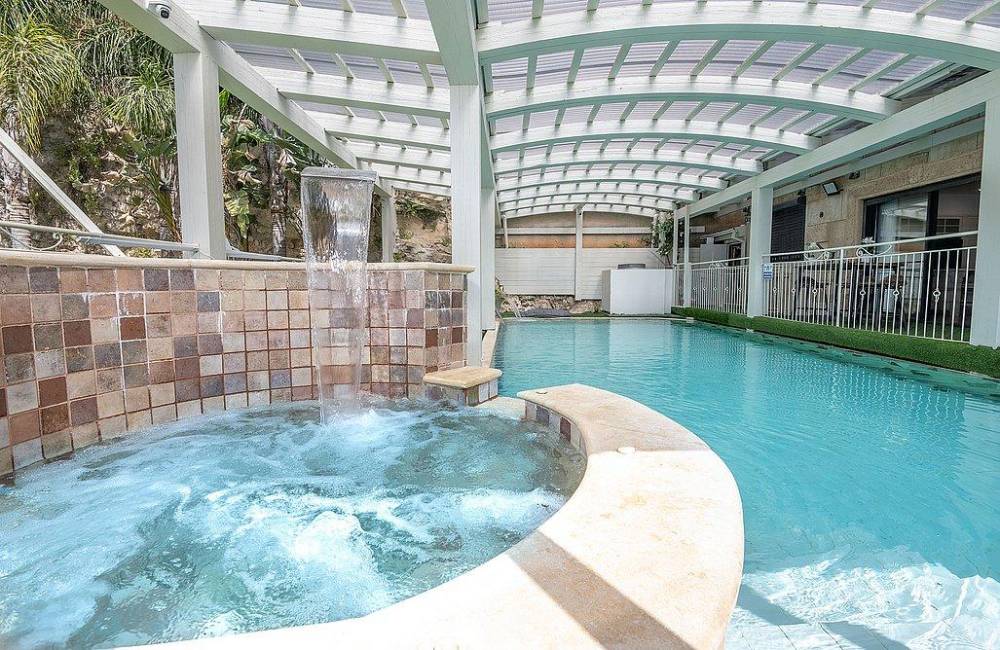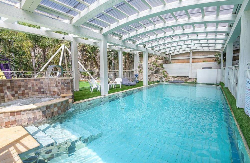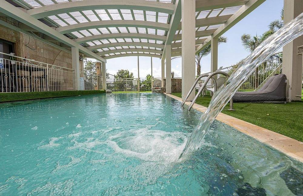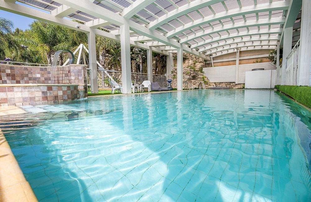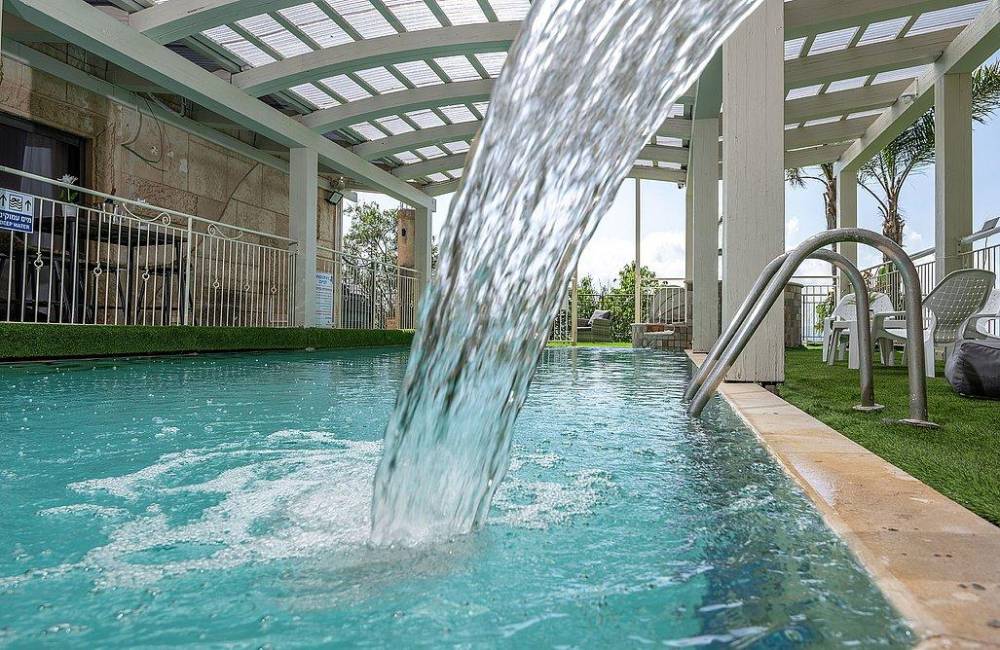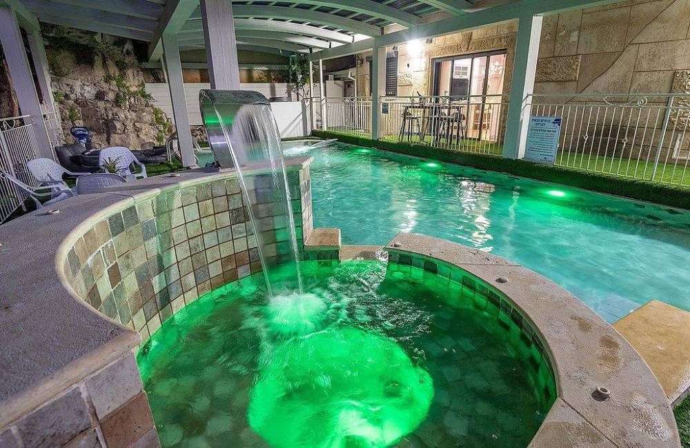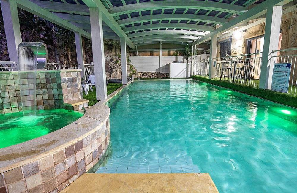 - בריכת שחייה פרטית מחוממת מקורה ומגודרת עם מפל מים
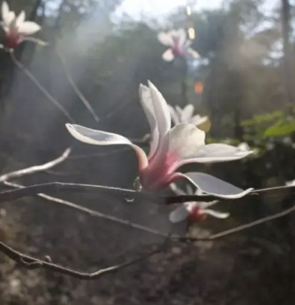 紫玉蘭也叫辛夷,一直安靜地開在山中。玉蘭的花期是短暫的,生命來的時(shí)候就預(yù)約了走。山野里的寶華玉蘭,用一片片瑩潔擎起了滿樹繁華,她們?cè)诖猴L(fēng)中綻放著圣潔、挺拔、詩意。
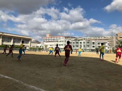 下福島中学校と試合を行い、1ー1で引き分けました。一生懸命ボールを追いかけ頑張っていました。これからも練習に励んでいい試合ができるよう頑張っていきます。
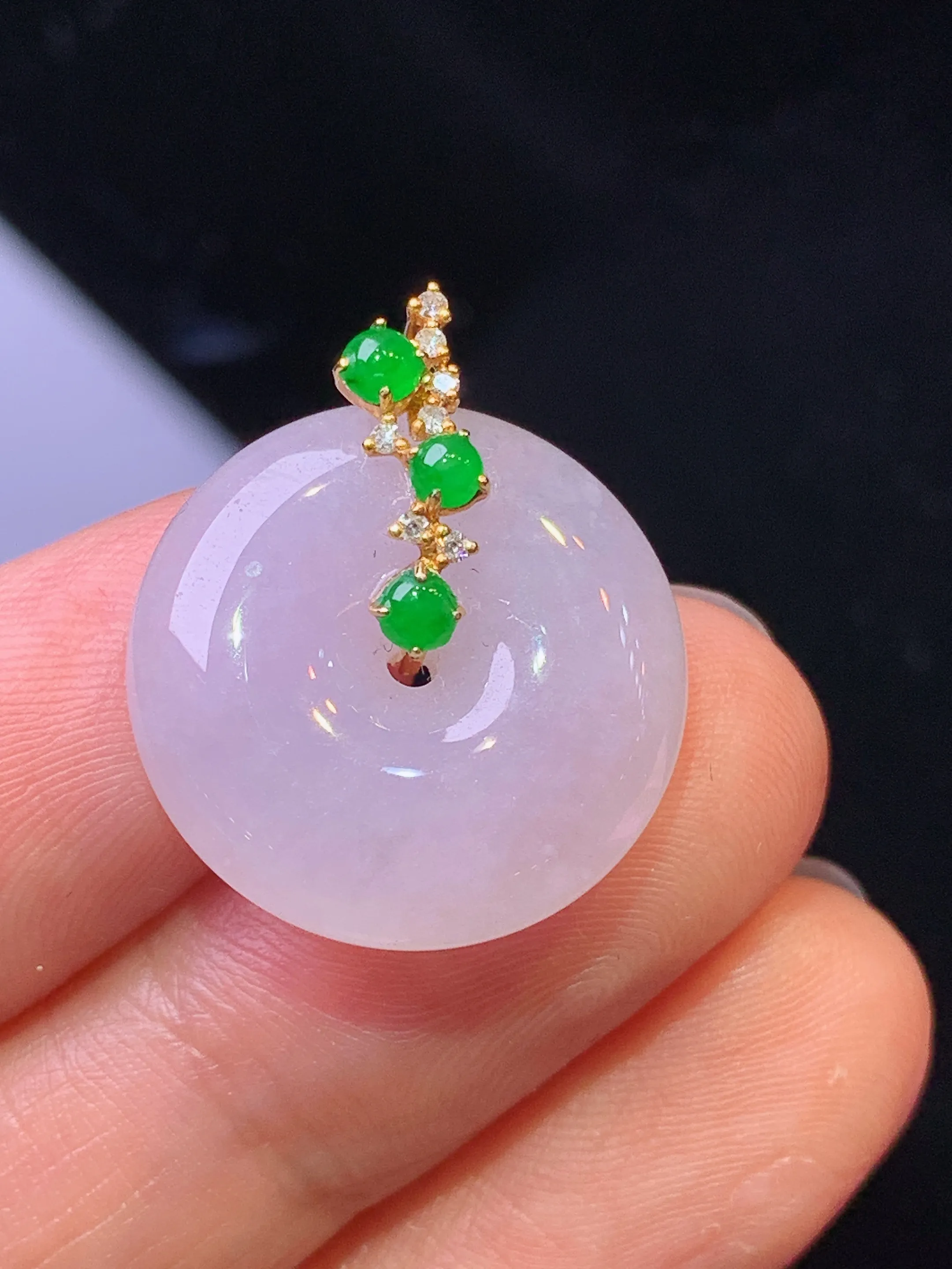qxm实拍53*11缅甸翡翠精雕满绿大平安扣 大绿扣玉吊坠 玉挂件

Work task
Your response must consist of the material above, reproduced word for word, with the images omitted.

The completed task
 - בריכת שחייה פרטית מחוממת מקורה ומגודרת עם מפל מים
 紫玉蘭也叫辛夷,一直安靜地開在山中。玉蘭的花期是短暫的,生命來的時(shí)候就預(yù)約了走。山野里的寶華玉蘭,用一片片瑩潔擎起了滿樹繁華,她們?cè)诖猴L(fēng)中綻放著圣潔、挺拔、詩意。
 下福島中学校と試合を行い、1ー1で引き分けました。一生懸命ボールを追いかけ頑張っていました。これからも練習に励んでいい試合ができるよう頑張っていきます。
qxm实拍53*11缅甸翡翠精雕满绿大平安扣 大绿扣玉吊坠 玉挂件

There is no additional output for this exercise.